His tight rule and reluctance to embrace Wall Street fads at times frustrated colleagues, who worried that David-Weill’s risk aversion would render Lazard an anachronism in the 21st century. Yet today loyalists note that Lazard has stayed independent, with a multibillion-dollar valuation. Its core business remains advising captains of industry and governments on their thorniest challenges. 

In 2001, David-Weill lured the Wall Street legend Bruce Wasserstein to the firm. Wasserstein pulled off a public listing of Lazard in 2005, a deal that crystallised a billion-dollar fortune for David-Weill. But David-Weill saw the IPO as antithetical to his conception of the firm as a tight-knit partnership. He left over the disagreement, marking the first time in its 150-year history that Lazard no longer employed a member of its founding family. 

Michel David-Weill was born in Paris in 1932. His great-grandfather Alexandre Weill had turned Lazard, originally a New Orleans dry goods business founded in 1848, into a bank with operations in the US, London and Paris. 

When the second world war broke out, David-Weill’s mother had him baptised as Catholic to avoid detection as a Jew. He moved to New York after the war and, after apprenticeships at other firms, joined Lazard in 1956. He returned to France to replace his father as head of Lazard Paris when the latter died in 1975. Just a few years later, he moved back to New York to take charge of the office there, succeeding the imposing André Meyer.
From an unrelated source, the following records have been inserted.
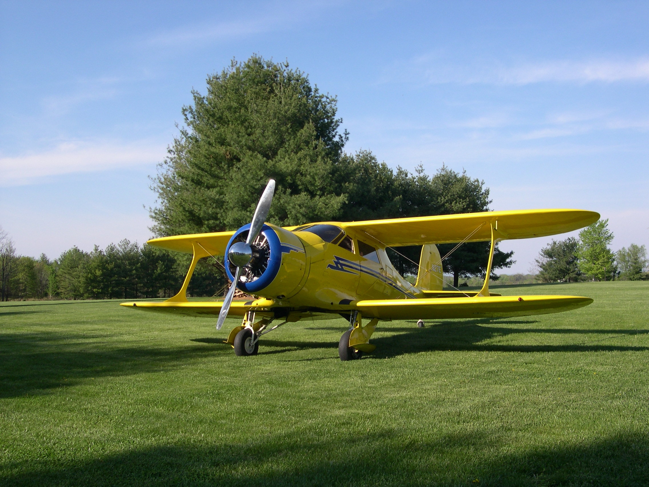 This Beech D17S Staggerwing (N27E) is one of several aircraft featured in a temporary outdoor display at the 2014 "Become A Pilot" family day at the Steven F. Udvar-Hazy Center, in Chantilly, VA.
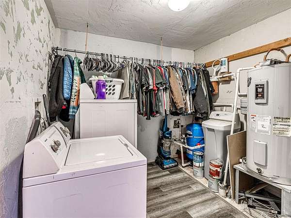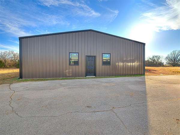 Brand new construction with endless opportunity on 5 beautiful acres just 10 minutes from Lake Thunderbird. This 40' x 52' barndominium sits on a fresh slab with a new metal frame, metal exterior, roof, and gutters already in place, making it ready for your custom build-out. Plumbing is roughed in for two bathrooms with dual sinks, a kitchen, and a utility room, giving you a strong head start on creating your dream space. A barn door opening has already been started, offering a notable design feature and flexible layout options.
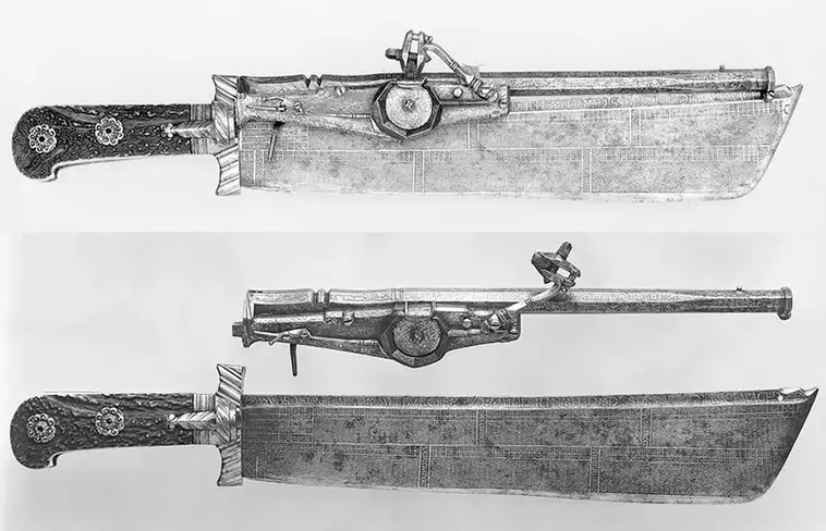 2. Немецкий охотничий тесак с пистолетом и календарём (1528 год)
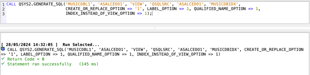 Statement ran successfully message was received. Let’s open the member in Runs SQL Scripts to see what was generated.
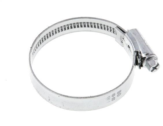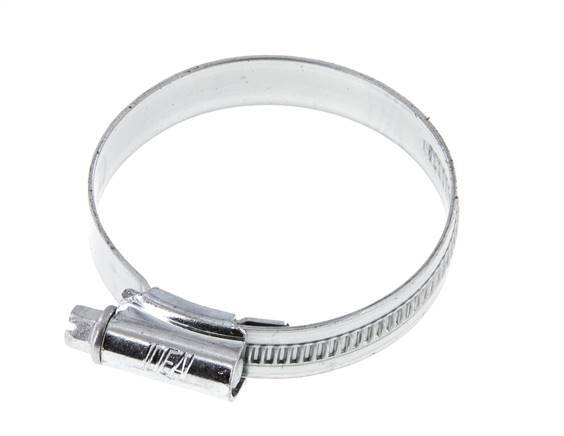 Ideal hose clamp with an adjustable range of 40 - 60 mm. It has a band width of 12 mm. This hose clamp is made according to DIN 3017-1 standard. The housing material is galvanized steel. The hose clamp is tightened or loosened by using a screwdriver due to the worm gear design.
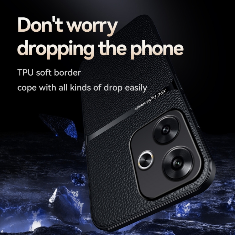 Funda de Teléfono a Prueba de Golpes con Cobertura Total Magnética de Cuero Litchi para Redmi Turbo 3 / Xiaomi Poco F6 (Negro)
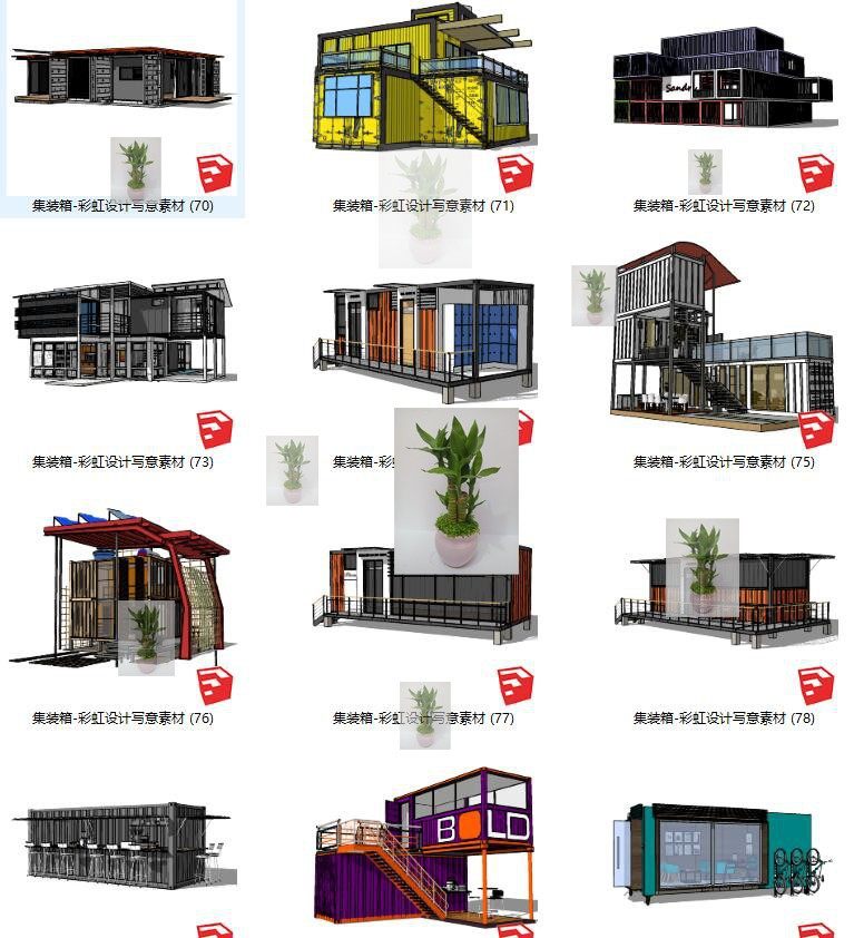 sketchup工業(yè)風格廢舊集裝箱改造景觀室外創(chuàng)意建筑草圖大師SU模型
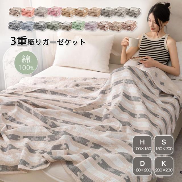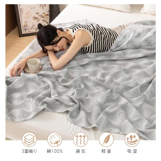 タオルケット 綿100% ブランケット 綿毛布 3重ガーゼ ガーゼケット ふわふわ 肌掛け ハーフ シングル ダブル キング 夏用 吸湿 通気 夏快眠 軽量 コットン やわらか肌触り 肌掛け布団 北欧 オールシーズン 丸洗いOK 100X150cm
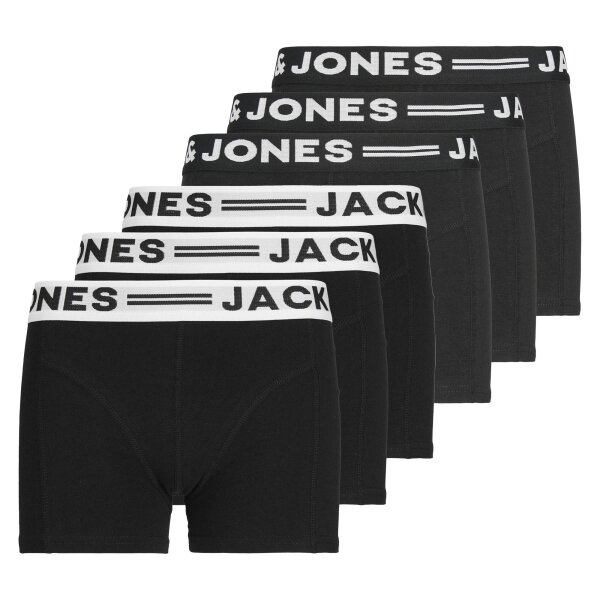 JACK & JONES Boy's Boxer Shorts, Pack of 6 - SENSE TRUNKS, Cotton Stretch, Logo Waistband Black/black/white 176
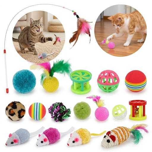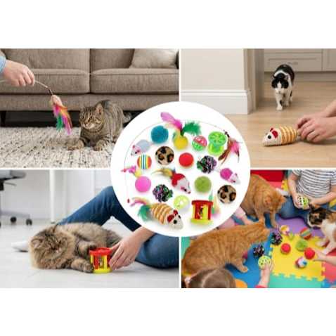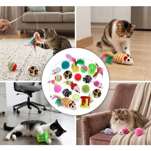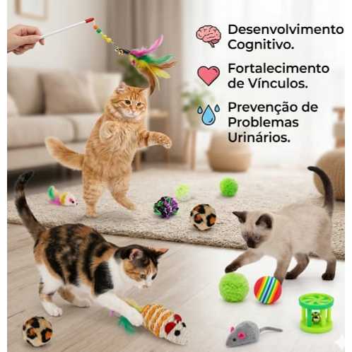 Kit 7 Brinquedos para Pet Varinha Ratinho Bolinha Gatinho filhotes e adultos - Envio imediato
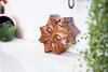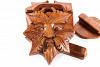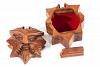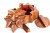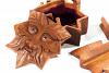Die vierteilige Schmuckschatulle lässt sich durch das Herausziehen eines Holzstiftes öffnen und sicher wieder verschließen.
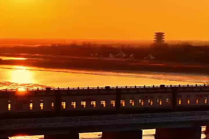 在黄河三盛公水利枢纽遇见冬日夕阳
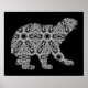 Das ist eine wunderschöne Kontur von Wildtieren in Weiß auf schwarzem Hintergrund. Dieses wilde Tier ist mit einem detaillierten, komplexen, komplex zusammengesetzten geometrischen Muster oder einer Textur gefüllt, die ursprünglich für Erwachsene zum Färben konzipiert wurde. Diese einzigartige Farbkunst ist schön und auffallend!

In his 25-year run, David-Weill made crucial strategic decisions. These included growing an asset management unit that would eventually generate half the firm’s profit, buying out a Lazard stake previously owned by British conglomerate Pearson, and most significantly, formally merging the Lazard “houses” of Paris, London and New York which previously operated as a loose confederation. 

But his greatest talent was in spotting particular types of bankers, and his curation of a creative space in which these men could pursue their craft.

“There is an immense diversity of backgrounds inside the Lazard firms,” David-Weill told Euromoney in 1993. “But they share one thing: the excitement of individually being able to make a difference through what they contribute intellectually.”

James Kempner, hired in the 1980s as a junior associate and later promoted to partner, compared David-Weill to the New York Yankees owner who was obsessive about fielding championship baseball teams. “Like George Steinbrenner, Michel had a way of bringing in incredible superstars,” he said.

Another Lazard hand explained that David-Weill was singularly able to maintain cohesion among the distinctive personalities on either side of the Atlantic. 

“All of us stayed because of our personal relationships with Michel. He had an individual approach to each partner. You’d get called to his office and wouldn’t know if you would be there for ten minutes or two hours.”

Eventually, these bonds would fray. By the late 1990s, high finance had become institutionalised. Sprawling complexes like Citigroup were smashed together. Goldman Sachs, itself a storied partnership, sold its shares to the public. Vast riches were being created in technology start-ups, venture capital, private equity and hedge funds. Lazard’s legacy owners soaked so much of its profits that there was not enough to pay the producers. 

David-Weill, by then in his 60s, was accused of entrenching himself atop Lazard. He and his wife Hélène had four daughters, none of whom joined the firm. A son-in-law was tapped as a possible heir, but exited after disappointing his seniors during a stint at Lazard. Others departed when it became evident they had fallen out of favour with the chairman.

Even after he was no longer officially affiliated with Lazard, David-Weill’s contemporaries frequently made the pilgrimage to his Fifth Avenue apartment to continue their long conversations. “In life there are sometimes pleasant surprises”, he said in 2019. “And one of them is that Lazard is still Lazard in my eyes”.